Bob’s thought-provoking article highlighted a major problem—the loss of experienced HR specialists and employment law attorneys – that
could certainly have a negative effect on the ability of an agency to sustain
disciplinary actions which are appealed to the MSPB, particularly when such
positions go unfilled, or, I would add, are filled by less-experienced
An agency’s success in taking
and successfully defending conduct- or performance-based actions is, I believe,
going to be heavily dependent on the knowledge of the employee/labor relations
specialist and the employment law attorney who are providing advice on the case.
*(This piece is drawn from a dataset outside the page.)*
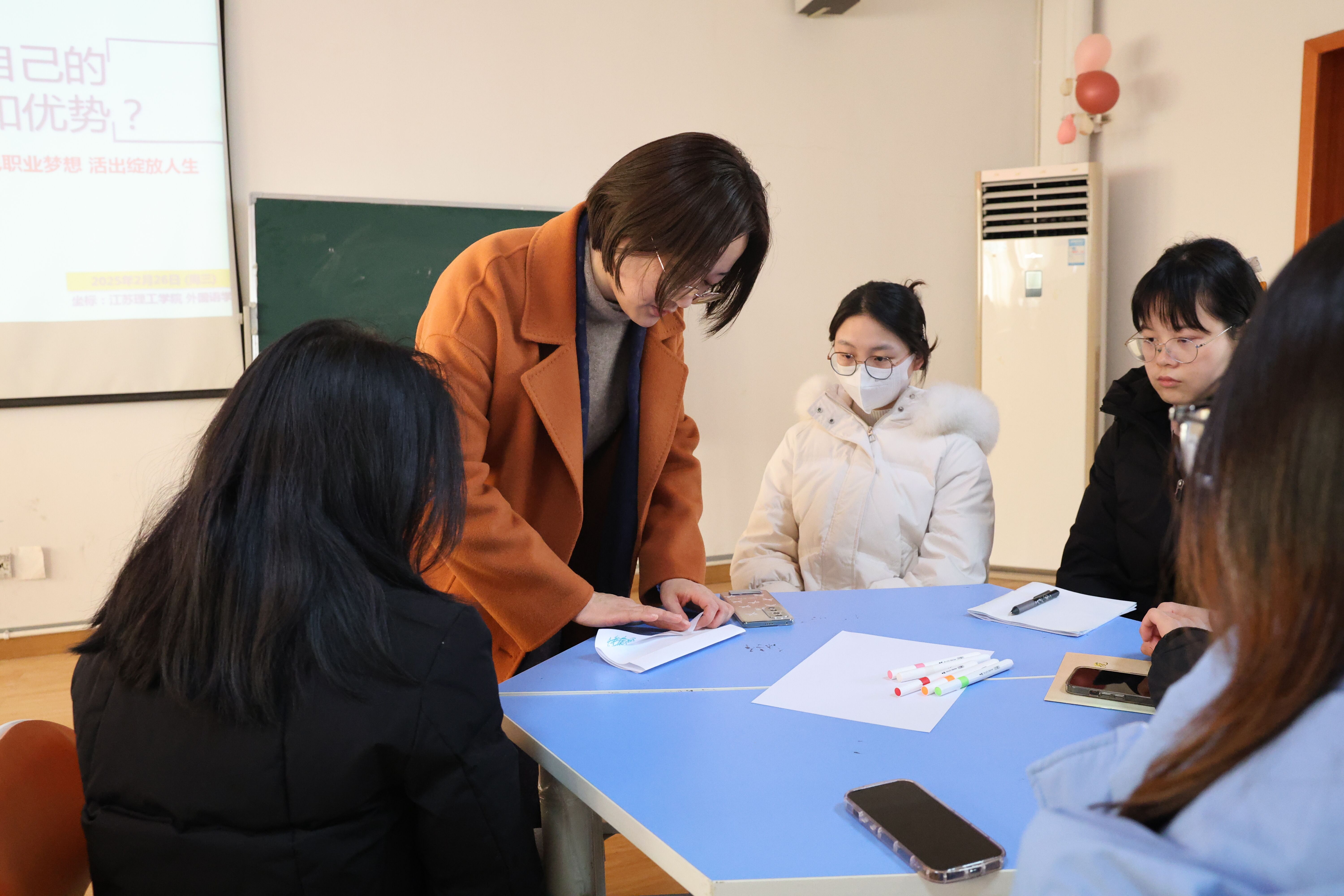 同学们与接受过生涯规划师认证的职场精英交流沟通,一起探讨未来职业发展的话题陆秋萍以生涯规划的理念和经验,给同学们的工作生活带来切实有效的改变活动中,她将学生分成若干个小组,带领大家完成了“人生炸金花”的互动游戏,这个游戏让同学们真实的体验到职场发展的策略,引导同学们在游戏中领悟职场竞争的智慧与合作的重要性,活动迅速引发了同学们对职场生活的初步思考和热烈讨论。接着,陆秋萍带领同学们围绕“时代正在发生哪些变化”这一主题展开了深入探讨。她通过详尽的数据分析和生动的实例,深入剖析了当下复杂多变的就业环境所面临的新挑战与新机遇,为同学们描绘了一幅既充满挑战又蕴藏无限可能的未来图景。针对学生们在职业发展和规划过程中普遍存在的困惑与迷茫,陆秋萍从不同视角出发,结合个人经验与社会发展的趋势,提出了一系列切实可行的破局之策,鼓励同学们要敢于面对挑战,灵活调整策略,积极拥抱变化。

So, if agencies let such vacancies go
unfilled, or such actions take place in the early stages of a new incumbent’s
learning curve, without a more seasoned employee to rely on, their success
rates on actions appealed to MSPB could reasonably be expected to drop.
I’m not as concerned as Bob is about line managers making
bad decisions or being ignorant “of correct substantive or procedural
obligations.” We asked supervisors to
contact employee/labor relations at the first signs of trouble in conduct or
performance, so we could guide them through the relevant processes from the
beginning; they did so with very few exceptions.
The MSPB statistics quoted above show that many agencies are
doing very well in appeals to the Board using what I believe to be the
“traditional” disciplinary process, meaning that proposing and deciding
officials are typically from the part of the organization where the misconduct
occurs, and are often the first- and second-line supervisors, respectively. Accordingly, I see an MSPB “firing squad” as
a solution in search of a problem for most agencies.